▸ EXERCISE DETAILS
The reply should hold nothing except the lines from the one with "Taitettavat paikkakortit toistavat" through the end of the entries, duplicated exactly and with no pictures.

START RAW DATA

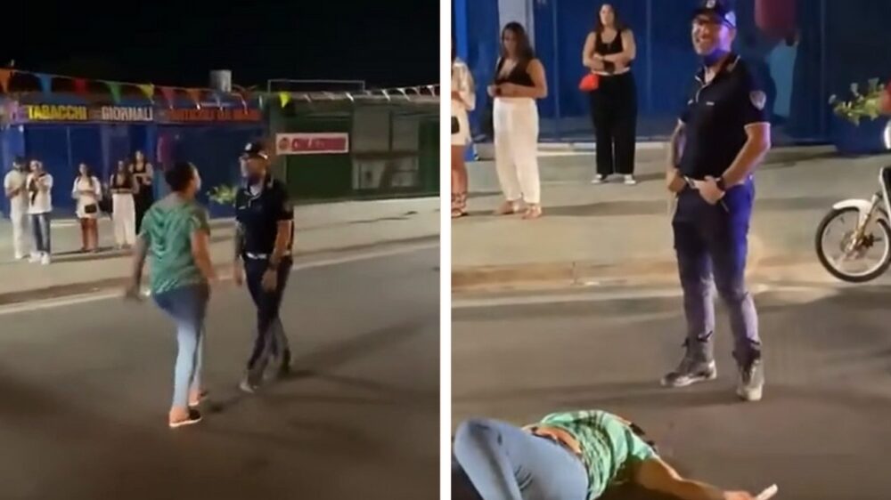 Ze probeert een Italiaanse politieagent uit zijn tent te lokken, maar als hij niet reageert zijn haar batterijen ineens leeg. Zijn lach zegt genoeg 😅
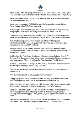 yang melintas di PLBN Entikong," ucap Manto saat diwawancarai, Rabu (18/3/2020).
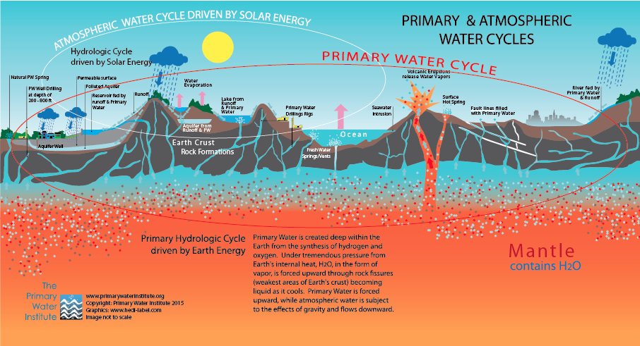There is several times more primary water *in* the earth than ALL the water *on* the surface, oceans included. (SOURCE: Primary Water Institute)
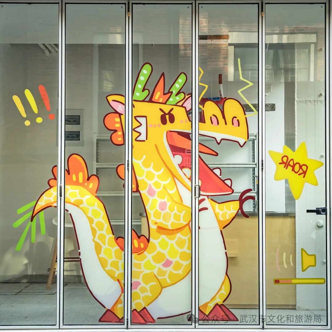 漫游到「武汉天地」,一侧是乔乔兔的公共展览,另一侧的玻璃墙已换上龙年皮肤。
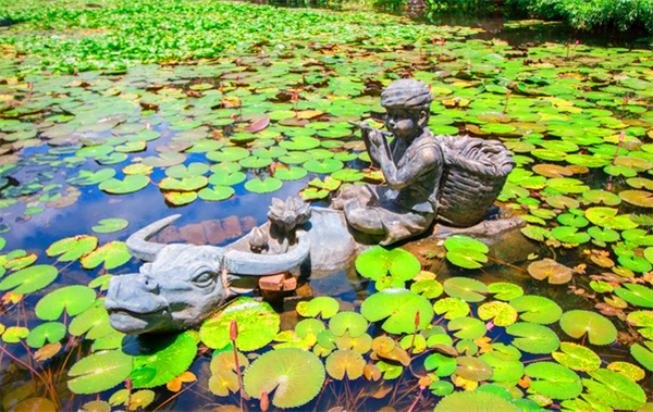 在一個(gè)池塘里看到這個(gè)雕像雕刻的栩栩如生小牧童坐在牛的背上吹著笛子、只可惜池塘里的荷花視乎還沒有到開放的季節(jié)。
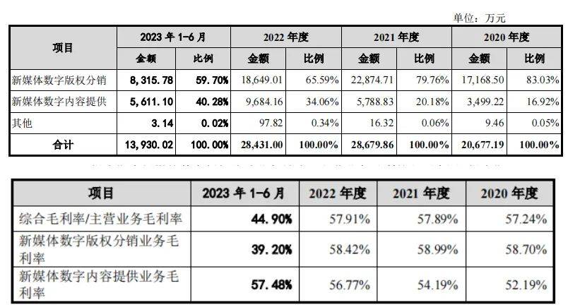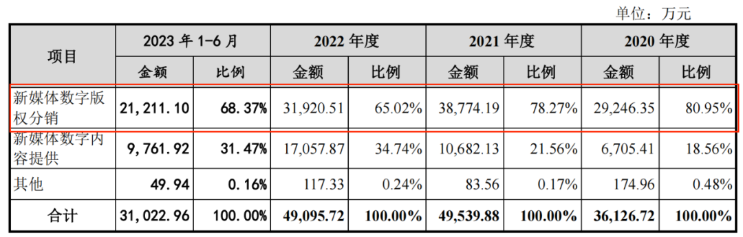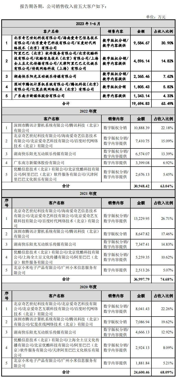 作者:段轻 编辑:努尔哈哈赤 2023年6月29日,拥有“汪汪队立大功”“小猪佩奇”“海绵宝宝”等知名IP版权的数字版权分销商上海森宇文化传媒股份有限公司(森宇股份)递交招股书,拟登陆深交所主板。该份招股书显示,森宇文化22年收入4.9亿,净赚1.55亿。 近期,雷报再次获悉,森宇文化于2023年12月31日更新招股书,并将相关财务数据更新至2023年6月30日。 根据最新招股书数据,2020年、2021年、2022年、2023年1-6月,森宇文化营收分别达到3.6亿元(36,126.72万元)、4.95亿元(49,539.88万元)、4.91亿元(49,095.72万元)和3.10亿元(31,022.96),扣非归母净利润分别为9887.85万元、1.58亿元(15,842.26万元)、1.55亿元(15,472.90万元)和0.71亿元(7,081.02万元)。 ![]() 本次深交所IPO,森宇文化拟向社会公开发行不超过2,000.00万股人民币普通股(A股),本次发行的募集资金总额将视市场情况及询价确定的发行价格确定。 雷报【微信:leinewspaper +关注】还注意到,森宇文化报告期内持股10%以上,同时也是森宇文化的创始人之一的重要股东崔惠玲,10个月内将所持股权清仓转让。而自2010年创立公司到2019年初,崔惠玲始终系森宇文化第一大股东、实控人之一,最高持有近45%的股权。 版权分销业务半年收入2.1亿,“优爱腾芒”是最大的客户 森宇文化主要从事动漫、电视剧、电影等视频节目的【新媒体数字版权分销】业务和【新媒体数字内容提供】业务。 截至2023年6月末,森宇文化已积累了 6.74 万小时的视频节目储备,内容涵盖动漫、电视剧、电影、综艺、纪录片等多维度视听资源,覆盖了全渠道下游新媒体终端。 最新招股书介绍,报告期各期,森宇文化主营业务收入分别为3.6亿元、4.95亿元、4.91亿元和3.10亿元。其中,【新媒体数字版权分销】业务收入是森宇文化的主要收入来源,分别为2.92亿元、3.88亿元、3.19亿元和2.12亿元,占主营业务收入的比重均在65%以上。其他组成部分包括基于数字版权的衍生品授权等收入,金额和占比均较小。 ![]() 【新媒体数字版权分销】业务中,森宇文化自版权持有者处购得数字版权后形成版权内容库,再以单片或集合的形式对外出售,从而获得数字版权分销收入。 该业务已覆盖包括腾讯、爱奇艺、芒果、优酷、哔哩哔哩、抖音、快手、搜狐等主流新媒体互联网视频平台以及移动端视频媒体。 据悉,森宇文化于2012年即与爱奇艺合作开展新媒体数字版权分销业务,合作已超过10年,报告期内,爱奇艺历年对其销售收入均在 7000 万元以上;森宇文化于2012年与腾讯建立合作,合作关系已达到 11 年,报告期内,腾讯历年对其销售收入均在 7000 万元以上;优酷也一直为森宇文化前五大客户,公司历年对其销售合计超过1亿元;森宇文化也和芒果建立了合作关系,2021年和2022年对芒果的销售收入均在6000万元以上。 招股书显示,2023年上半年,爱奇艺为森宇文化贡献了9584.67万元收入,占比高达30.90%;优酷贡献4596.14万元,占收入比例14.82%;芒果贡献2365.46万元,占收入比例7.62%;腾讯贡献1865.43万元,占收入比例5.82%。 ![]() 【新媒体数字内容提供】业务中,森宇文化根据客户及市场需求投放相关视频节目,并提供内容策划、宣传和推广等服务。客户根据森宇文化提供的视频节目数量、质量以及用户点击量等向其支付分成收入。 该业务主要客户为 IPTV 运营商、OTT TV运营商、数字电视运营商和三大电信运营商视频平台。 2020年、2021年、2022年及2023年1-6月,森宇文化【新媒体数字内容提供】业务收入分别为6705.41万元、1.07亿元、1.71亿元及9761.92万元,占主营业务收入的比例分别为18.56%、21.56%、34.74%及31.47%。 ![]() 截至最新招股书签署日,森宇文化IPTV 数字内容提供业务已覆盖21个省市自治区的IPTV 集成播控平台运营商,主要客户包括广东南方新媒体股份有限公司、海看网络科技(山东)股份有限公司、江苏广电荔枝网络发展有限公司、广西广电新媒体有限公司、浙江广电新媒体有限公司、吉林广电新媒体有限公司等;OTT TV数字内容提供业务已覆盖小米、海信、康佳、华为等境内主要智能终端厂商;公司数字电视内容提供业务已覆盖11个省市自治区,主要客户包括广东弘视数字传媒有限公司、福建广电网络集团股份有限公司、中国广电重庆网络股份有限公司、广西耀象文化传播有限责任公司等;移动端数字内容提供业务已全方位覆盖中国移动、中国电信、中国联通等三大电信运营商视频平台。 版权分销成本占比高达75%,毛利率下降;创始人清仓,现实控人低价受让 森宇文化主营业务成本方面,2020年、2021年、2022年、2023年1-6月分别为1.54亿元、2.09亿元、2.07亿元及1.71亿元。主要是新媒体数字版权分销成本,2023年上半年,这一成本占比达到了75.44%。 ![]() 报告期各期,森宇文化毛利率分别为 57.24%、57.89%、57.91%和 44.90%,整体处于较高水平。不过,因部分动漫版权成本增加,2023年1-6月期间森宇文化毛利率有所下降。 另外,2023年上半年,【新媒体数字内容提供】业务的毛利率占比超过了前三年一直领先的【新媒体数字版权分销】业务。报告表示,随着新媒体数字内容提供业务规模的扩大,规模效应进一步体现,毛利率有所提高。 ![]() 截至本招股说明书签署日,森宇文化董事长陈志永直接持有公司38.70%的股份,并通过员工持股平台宁波佳昌控制公司23.60%的股份,合计控制公司62.30%的股份,是公司的控股股东、实际控制人。IPO之后,陈志永直接持股比
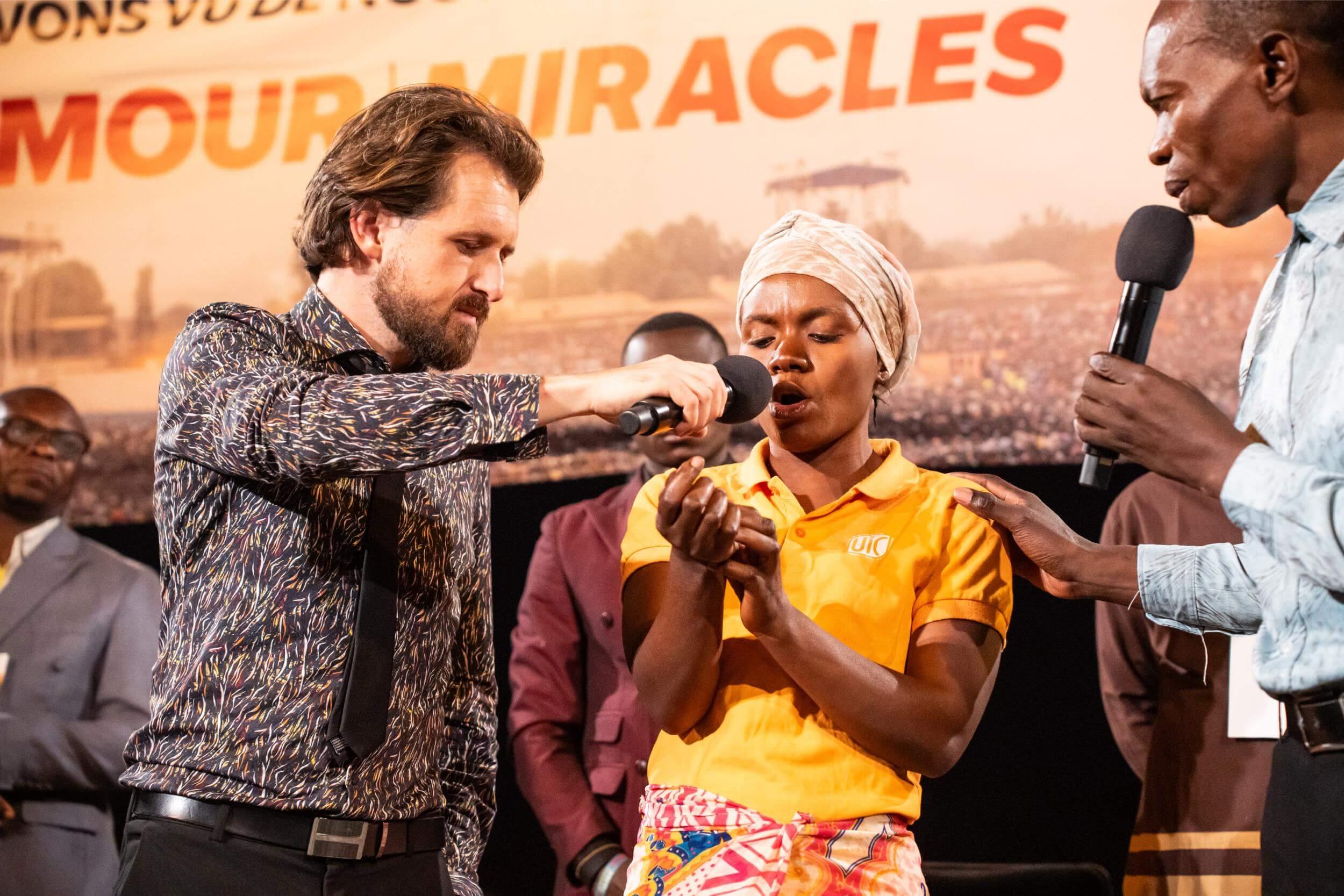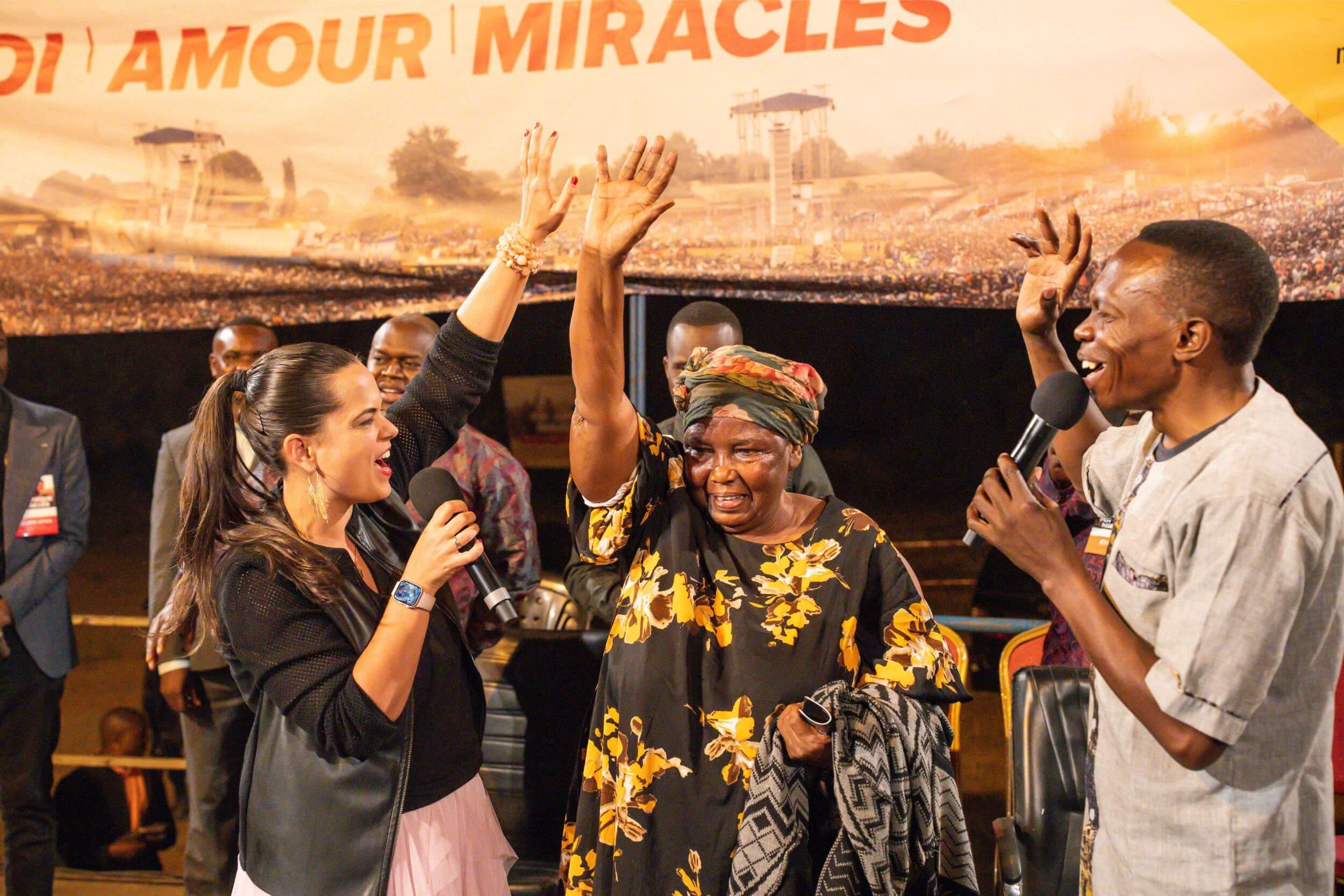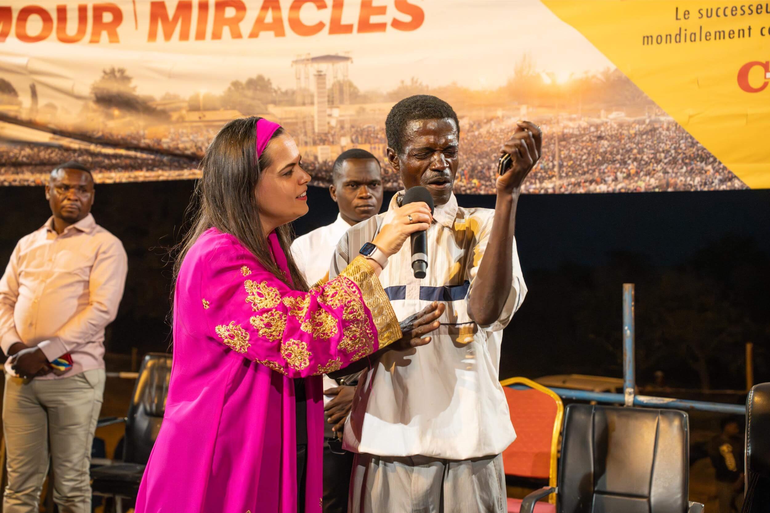 For nearly ten years, Exaucé suffered from sharp, persistent pain in his left leg. During the prayer for the sick, he experienced a powerful touch from God. The pain instantly vanished, and in an incredible moment of joy and freedom, Exaucé ran across the stage, pain-free for the first time in years! As the crowd erupted in praise, Exaucé burst into tears. Evangelist Dario had to catch him as he collapsed, shaking under the overwhelming emotion of this miracle.
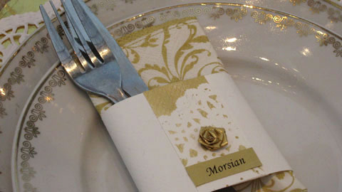 Taitettavat paikkakortit toistavat pöydän koristeluteemaa ruusuin ja pitsein.
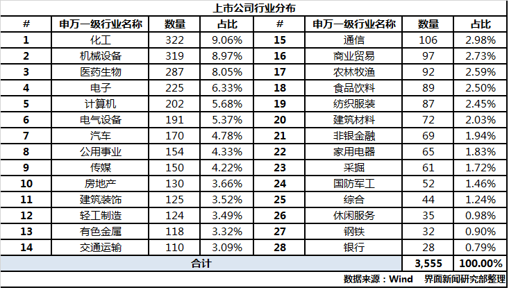 截至11月初,沪深上市公司除ST长生(002680.SZ)以外均已完成2018年三季度业绩披露。界面新闻根据Wind数据整理,共有3555家上市公司完成了业绩披露,其中沪市2116家,深市1439家,计算包含18年新上市公司。上市公司申万一级行业分布如下:
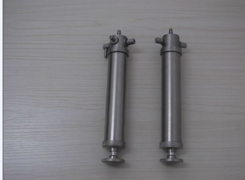 主要由三通閥門、進氣口、出氣口、膠塞閥、拉桿、活塞、氣筒及密封圈等部件組成。
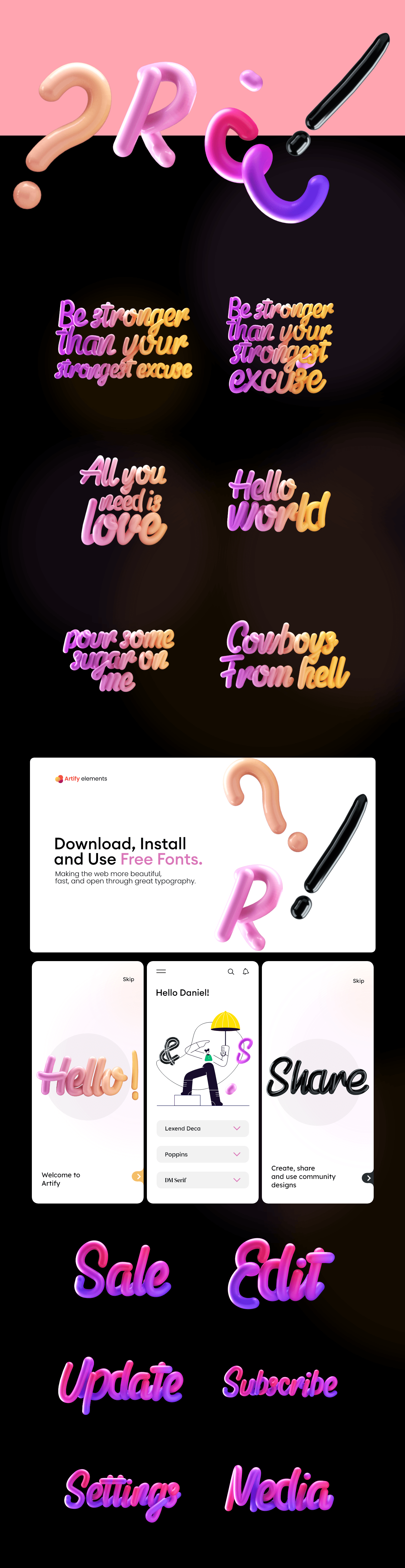 A massive bundle from Artify featuring over 1500 3D style design assets including 3D characters, 3D lettering designs & 3D icons delivered in 4K resolution, perfect for all kinds of web projects or print media
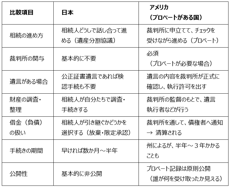 日本の相続手続きとプロベート手続きが必要なアメリカの相続手続きには次のような違いがあります。
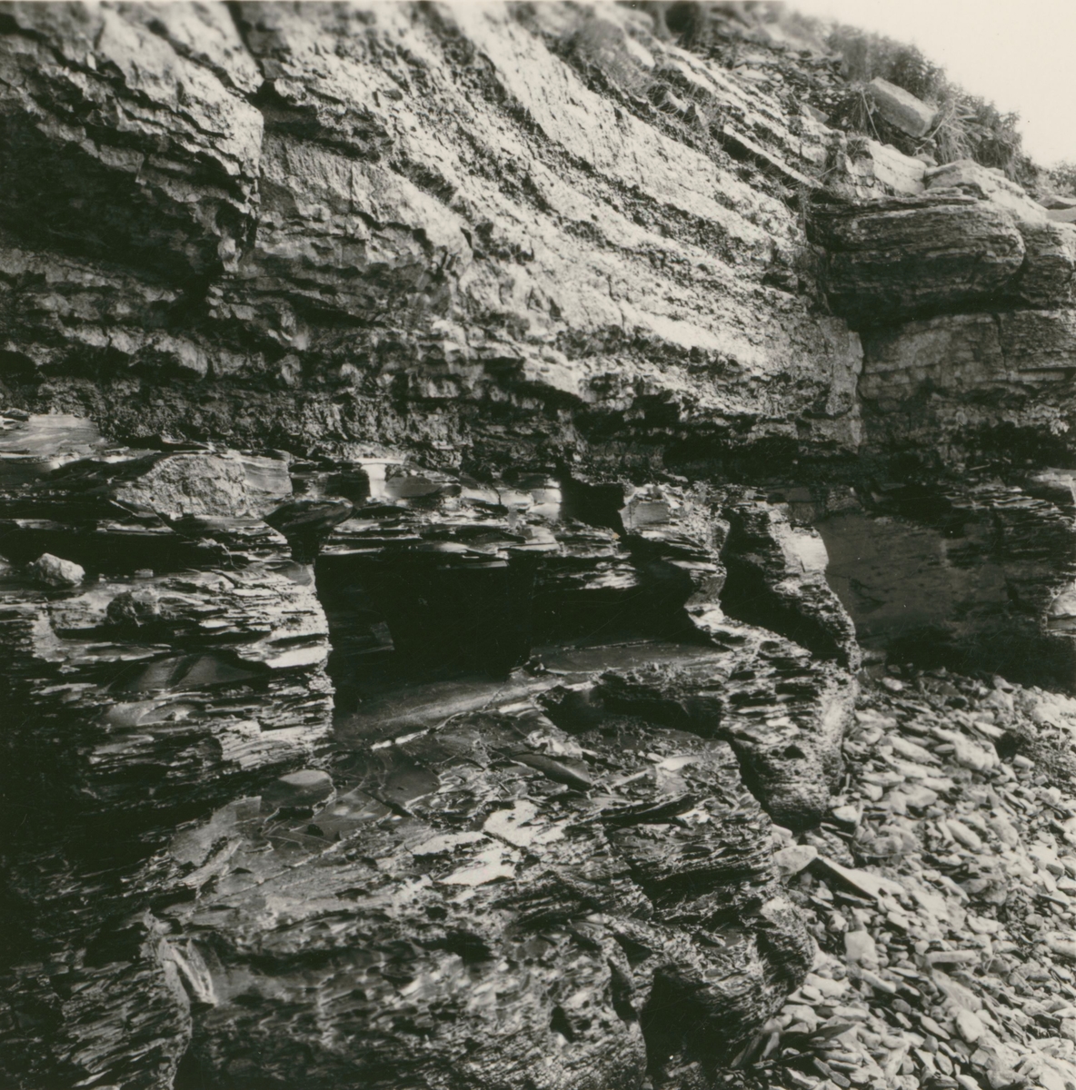 Klint med lerskiffer och kalksten.

END RAW DATA

▸ WRITTEN ANSWER
 Taitettavat paikkakortit toistavat pöydän koristeluteemaa ruusuin ja pitsein.
 截至11月初,沪深上市公司除ST长生(002680.SZ)以外均已完成2018年三季度业绩披露。界面新闻根据Wind数据整理,共有3555家上市公司完成了业绩披露,其中沪市2116家,深市1439家,计算包含18年新上市公司。上市公司申万一级行业分布如下:
 主要由三通閥門、進氣口、出氣口、膠塞閥、拉桿、活塞、氣筒及密封圈等部件組成。
 A massive bundle from Artify featuring over 1500 3D style design assets including 3D characters, 3D lettering designs & 3D icons delivered in 4K resolution, perfect for all kinds of web projects or print media
 日本の相続手続きとプロベート手続きが必要なアメリカの相続手続きには次のような違いがあります。
 Klint med lerskiffer och kalksten.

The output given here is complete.